La boda consistió en todo un fin de semana en la casa rural El Montón, en Mislata, cerca de Valencia. El viernes por la noche la pareja cenó con las respectivas familias. El siguiente sábado por la mañana comenzaron a llegar los amigos y disfrutaron de una mañana de descanso en la piscina para algunos y de excursión en bicicleta para otros. Por la tarde tuvo lugar la ceremonia, que podéis ver en la siguiente fotografía. Por la noche cenaron todos juntos y quedaron a dormir en la casa. Finalmente, el domingo pasaron el día allí con todos los invitados.

Por otra parte los anillos no los trajo el hombre más mayor de familia en lugar del más pequeño como sería lo habitual, rompiendo tabús y creando tendencias, ya que así se le rinde homenaje a nuestros abuelos que son lo más grande que tenemos en este país.

Los testigos de la boda fueron muy especiales y digamos que poco ortodoxos por decirlo de alguna manera, aunque a decir verdad fue una experiencia grata que otro día me tomaré la molestia de relatar

Tras la ceremonia cenaron en la misma casa. La comida se lo llevó de un restaurante cercano. Pudieron celebrar el convite en este entorno inmejorable.
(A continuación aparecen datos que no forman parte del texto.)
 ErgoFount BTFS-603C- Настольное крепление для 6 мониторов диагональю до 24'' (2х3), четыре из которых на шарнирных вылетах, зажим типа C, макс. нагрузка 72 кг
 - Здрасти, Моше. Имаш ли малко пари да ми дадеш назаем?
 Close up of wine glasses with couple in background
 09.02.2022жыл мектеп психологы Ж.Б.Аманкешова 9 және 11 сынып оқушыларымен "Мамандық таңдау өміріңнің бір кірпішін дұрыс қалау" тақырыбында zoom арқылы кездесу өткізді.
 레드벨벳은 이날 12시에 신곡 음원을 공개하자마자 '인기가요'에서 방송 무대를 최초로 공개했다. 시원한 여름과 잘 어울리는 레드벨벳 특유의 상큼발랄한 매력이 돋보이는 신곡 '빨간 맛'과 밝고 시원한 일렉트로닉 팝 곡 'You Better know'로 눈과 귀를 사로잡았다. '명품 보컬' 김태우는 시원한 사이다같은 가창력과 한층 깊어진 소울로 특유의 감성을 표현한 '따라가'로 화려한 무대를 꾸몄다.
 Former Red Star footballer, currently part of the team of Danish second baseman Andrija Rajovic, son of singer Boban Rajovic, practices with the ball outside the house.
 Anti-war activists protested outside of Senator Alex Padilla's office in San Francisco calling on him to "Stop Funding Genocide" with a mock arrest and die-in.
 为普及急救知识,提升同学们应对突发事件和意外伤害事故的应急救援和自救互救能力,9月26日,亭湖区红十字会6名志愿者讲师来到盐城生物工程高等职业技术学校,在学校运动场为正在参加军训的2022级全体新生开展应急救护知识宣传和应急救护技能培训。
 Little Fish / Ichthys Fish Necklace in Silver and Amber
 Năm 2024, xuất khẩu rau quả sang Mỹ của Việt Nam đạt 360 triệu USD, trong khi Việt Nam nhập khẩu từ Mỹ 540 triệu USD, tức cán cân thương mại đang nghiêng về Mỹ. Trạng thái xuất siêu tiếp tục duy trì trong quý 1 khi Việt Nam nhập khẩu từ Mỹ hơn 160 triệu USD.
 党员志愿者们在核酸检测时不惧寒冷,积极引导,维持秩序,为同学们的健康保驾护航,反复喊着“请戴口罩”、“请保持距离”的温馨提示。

Uno de los momentos más especiales de la noche fue la Ceremonia de la Luz. Inspirados por la ceremonia de la luz que Andrea y Juan Pedro vieron en su viaje a la India, decidieron compartirla con todos sus amigos y familiares: utilizaron unos pequeños objetos que cuando entran en contacto con el agua encienden como si fueran una pequeña bombilla. La ceremonia la hicieron en la piscina de la casa, pero sin nadie bañándose obviamente (aunque hubiese tenido su gracia), donde abundaban este tipo de elementos que brillaban al contactar con el agua.
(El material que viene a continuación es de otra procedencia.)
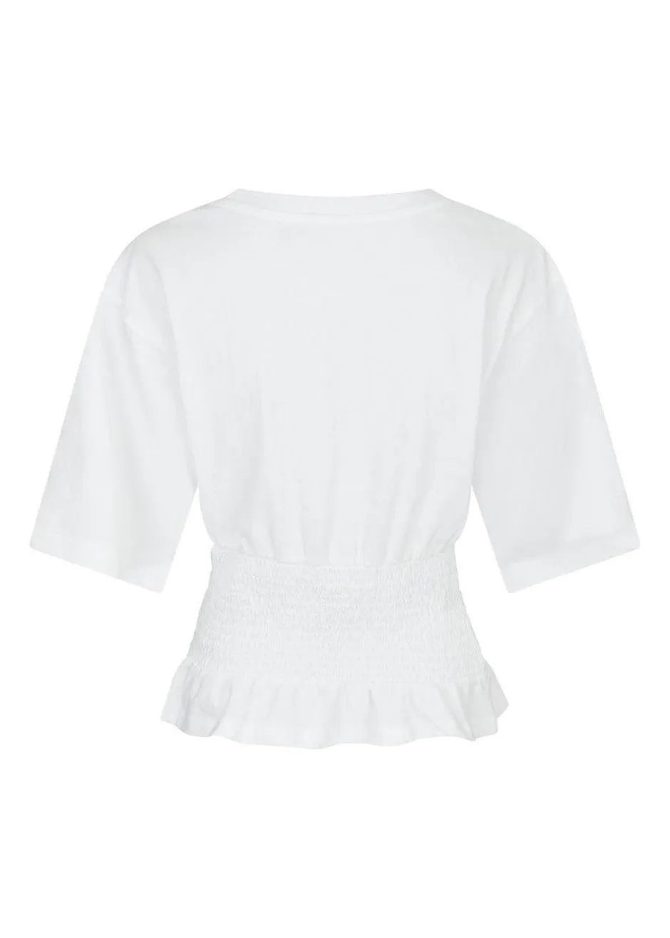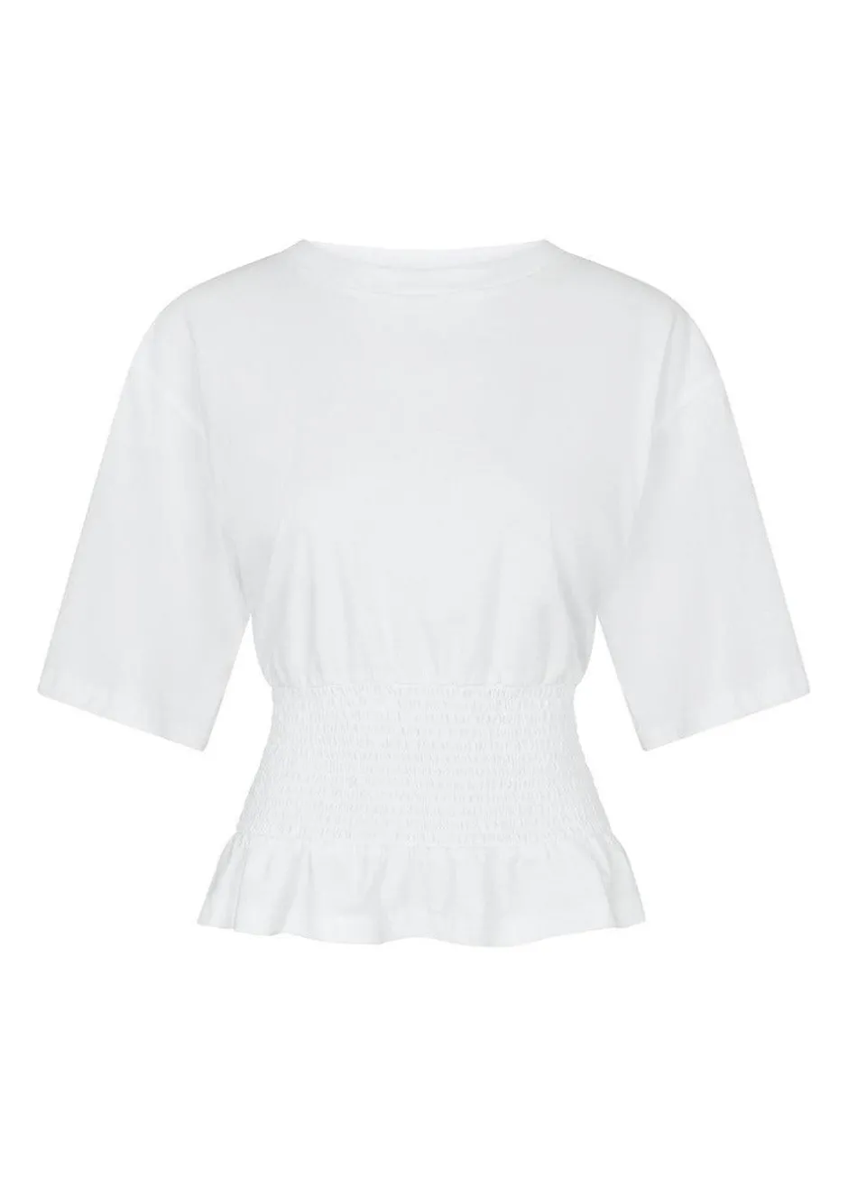 Boxy t-shirt med smocki taljen. T-shirten kommer i en lækker og blød bomuldskvalitet. Modellen er 176 cm og er iført størrelse 36.
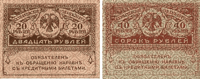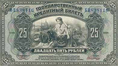 Указом Временного правительства от 23 августа 1917 года началась эмиссия новых денежных знаков достоинством 20 и 40 рублей, получивших в народе название "керенок" (см. рис. 7). Временное правительство планировало провести массовый выпуск новых денег и в 1917 году в США был размещен заказ на изготовление государственных кредитных билетов номиналом в 50 копеек, 25, 50, 100, 250, 500 и 1000 рублей. Однако эти денежные знаки начали поступать в Россию лишь в 1918 году, т.е. после Октябрьской революции. Позднее билеты номиналом 50 копеек, 25 и 100 рублей были использованы правительствами Колчака, Временным правительством Дальнего Востока и Временной властью Забайкалья. Кредитные билеты, изготовленные в США, значительно отличались от денежных знаков, отпечатанных в России. В их разработке участвовали американские специалисты, что привело к появлению на них элементов узоров, характерных для долларовых купюр. Отпечатаны они были на бумаге темно-серого или коричневого цвета.
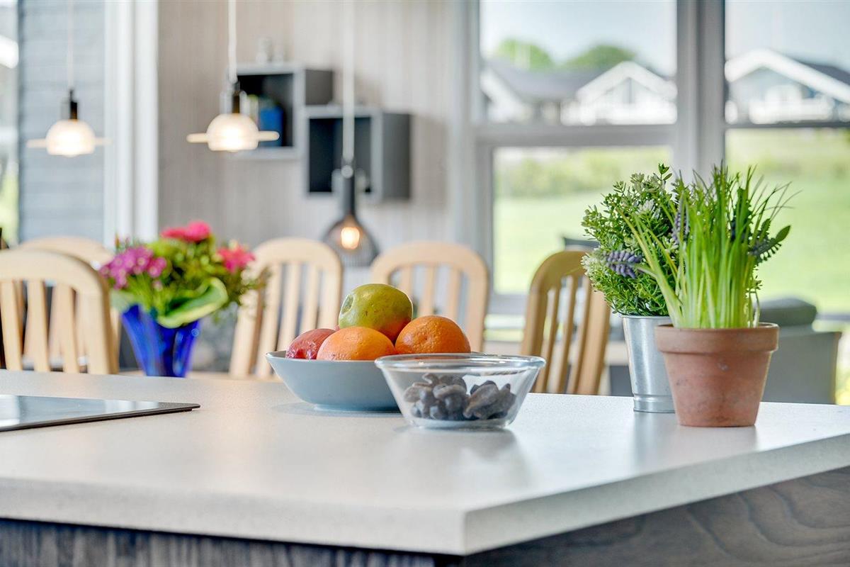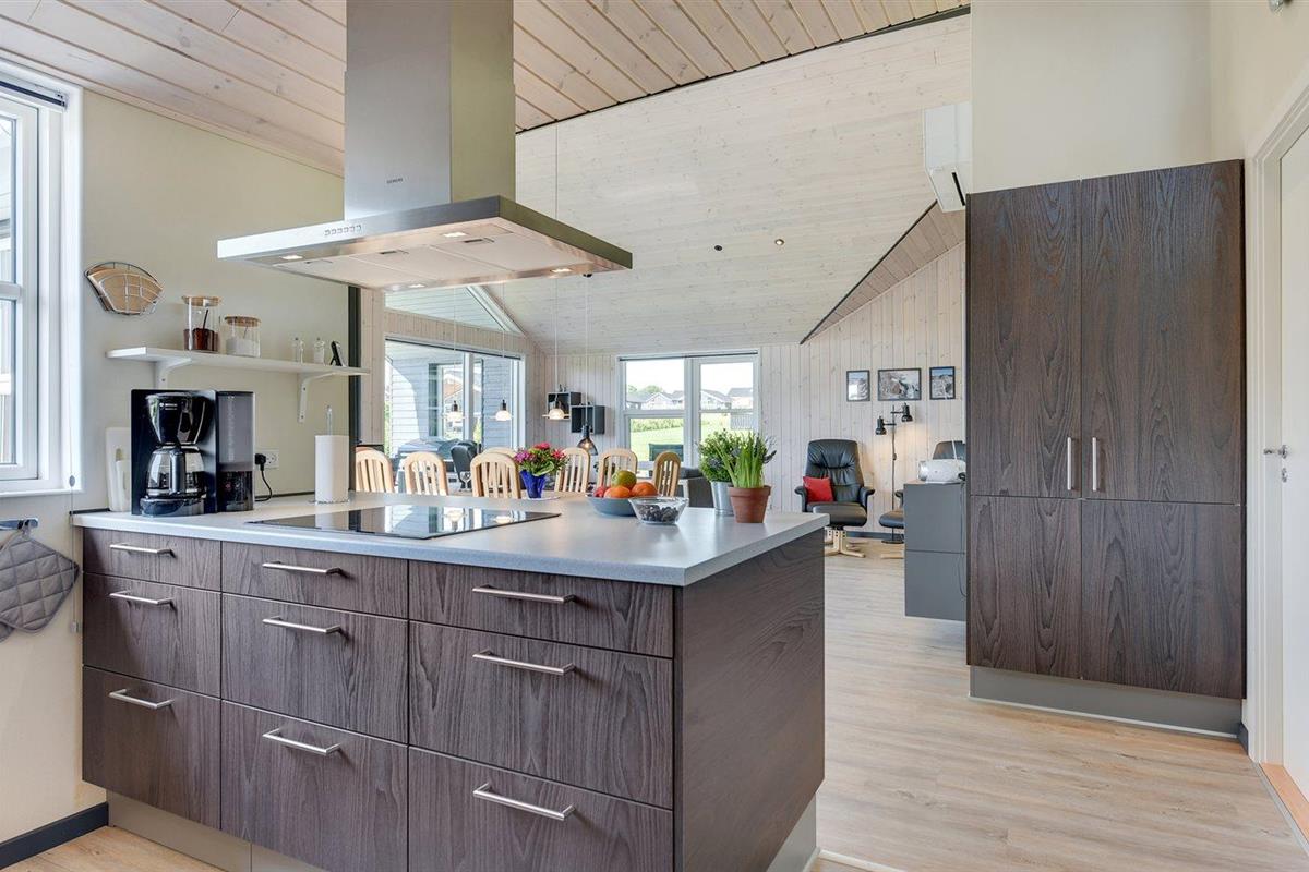 De keuken is uitgerust met koelkast Er is 4 inductiekookplaten, heteluchtoven, magnetron en vaatwasser.

En definitiva, fue una boda muy amena, bastante personal donde todos disfrutamos en un ambiente bastante propenso al humor y el cachondeo en general. Mi opinión sobre este acto en concreto, es que se come con patatas a las bodas tradicionales, mucho más aburridas y previsibles, frente a la frescura y la diversión que ponen encima de la mesa este tipo de actos.